For each of the 220 isolates received, a combination of three PCRs was used to presumptively identify SBRI9 isolates. One of the reactions was a deligotyping test consisting of a multiplex PCR for deletions RD168BW and RD200BW. The other two were partial MIRU analyses for locus 23, where SBRI9 exhibits an unusual single-repeat pattern, and locus 10. Samples that were consistent with SBRI9 by deligotyping (those with deletions DS168BW and DS200BW) and partial MIRU (loci 10 and 23) were subjected to confirmatory analysis in the form of an expanded MIRU panel and rep-PCR.

Retrospective genotypic data.

M. tuberculosis isolates from homeless patients in 1995-1996 and 1998-2000 had been characterized for previous, unpublished studies by spoligotyping and IS6110 restriction fragment length polymorphism. Isolates from 2001 were typed by the Centers for Disease Control and Prevention as part of the SBRI9 outbreak investigation (Lofy et al., submitted).

Definitions.

The Seattle-King County TB Control Program defines as “homeless” people who were homeless at the time of diagnosis, as well as people who have a significant history of homelessness. This definition might encompass people who lived in subsidized or transitional housing at the time of diagnosis but who also spent time in places where homeless people congregate, such as shelters, sobering centers, and specific park locations.

Human subjects.

Data reported in this article were collected during the course of a tuberculosis outbreak investigation by the Seattle-King County Department of Public Health. The Human Subjects Protection Institutional Review Board at SBRI determined that the work was exempt from human subjects institutional review board review because M. tuberculosis isolates were collected for purposes other than research and because donors were anonymous.

RESULTS

Rationale for postoutbreak monitoring.

The 2002-2003 tuberculosis outbreak among homeless people in Seattle has been described by Milan et al. (13) and Lofy et al. (submitted). The outbreak strain SBRI9 was thought to have been introduced to Seattle sometime around 2001, and the first cases were diagnosed in May 2002. Of 48 confirmed outbreak cases in 2002 and 2003, 44 (92%) were in homeless people.

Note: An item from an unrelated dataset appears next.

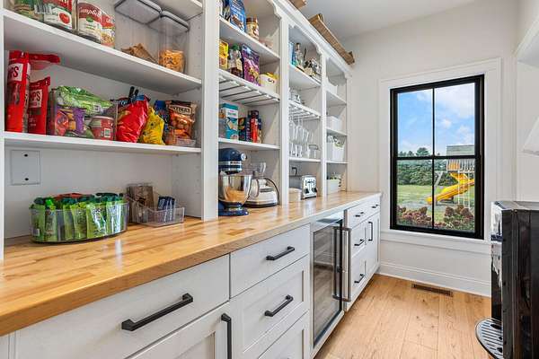 - 1 st Floor Bedroom, Beamed Ceilings, Built-In Features, Open Floorplan, Pantry, Quartz Counters, Walk-In Closet(s), Wet Bar

Forty-five (94%) were in people born in the United States, consistent with the overall makeup of the Seattle homeless population, and 7 (15%) were human immunodeficiency virus positive. In Seattle in recent years, 11% to 23% of TB patients were homeless. Outside of the homeless population, most TB cases in Seattle occur in foreign-born people (65% to 79% of total annual cases) and are thought to be reactivations of infections acquired in home countries (http://www.metrokc.gov/health/tb/tb2003.pdf). Because the epidemiologies of TB for these two groups differ, and because neither of two recent TB outbreaks in 1998-1999 and 2002-2003 spread beyond the homeless population in King County, this report focuses on the homeless as a distinct population.

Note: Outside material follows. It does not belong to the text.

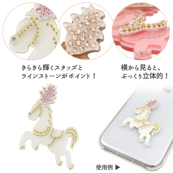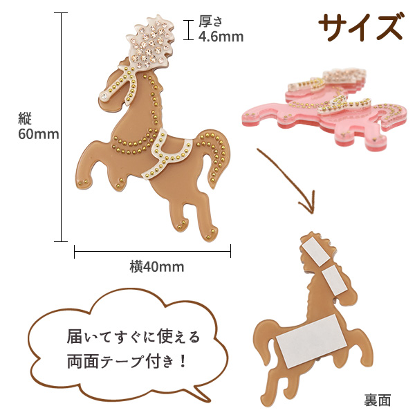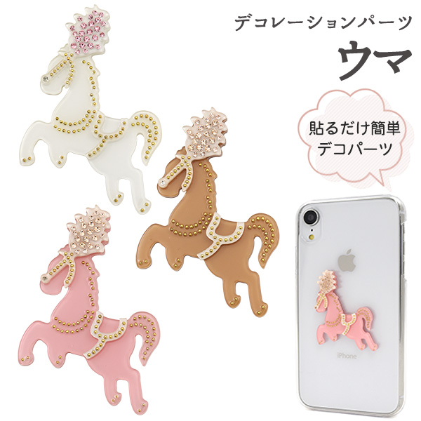 デコパーツ ウマ 両面テープ付き ラインストーン うま 馬 DIY用 デコ素材 オリジナル スマホケース 茶 白 桃 デコレーションパーツ 手作り 自作 素材

Most transmission in the 2002-2003 outbreak occurred in a few homeless facilities (Lofy et al., submitted). Few of the >1,000 people who were exposed to strain SBRI9 at these and other sites received treatment for latent tuberculosis. This left within the community a pool of people who are at risk of starting new outbreaks. In order to identify new SBRI9 cases as quickly as possible following diagnosis, a strain-targeted PCR-based screen was designed to rapidly and inexpensively identify new SBRI9 isolates from all new TB cases in Seattle in 2004.

Characterization of genomic deletions in SBRI9.

Affymetrix GeneChip analysis identified 12 genomic regions that were deleted from strain SBRI9 relative to reference genome sequences strains. Ten of them have been described (7, 19). The deletions ranged in size from approximately 1 to 12 kb and affected from 1 to 16 open reading frames each. Eight deletions found in strain SBRI9, designated RD105, RD149, RD152, RD181, RD168BW, RD200BW, RD224c, and RD207, have been observed in various combinations in other Beijing family strains (19). Only one other Beijing family strain, designated TN1595, had all eight of these deletions (19). Strain TN1595 was involved in a nosocomial MDR-TB outbreak in New York City in 1989-1990 (10), and it has the “N2” IS6110-RFLP pattern that was reported previously to be 94% similar to that of strain SBRI9 (13). Therefore, the genotypic linkage identified by deligotyping was in concordance with IS6110-RFLP results.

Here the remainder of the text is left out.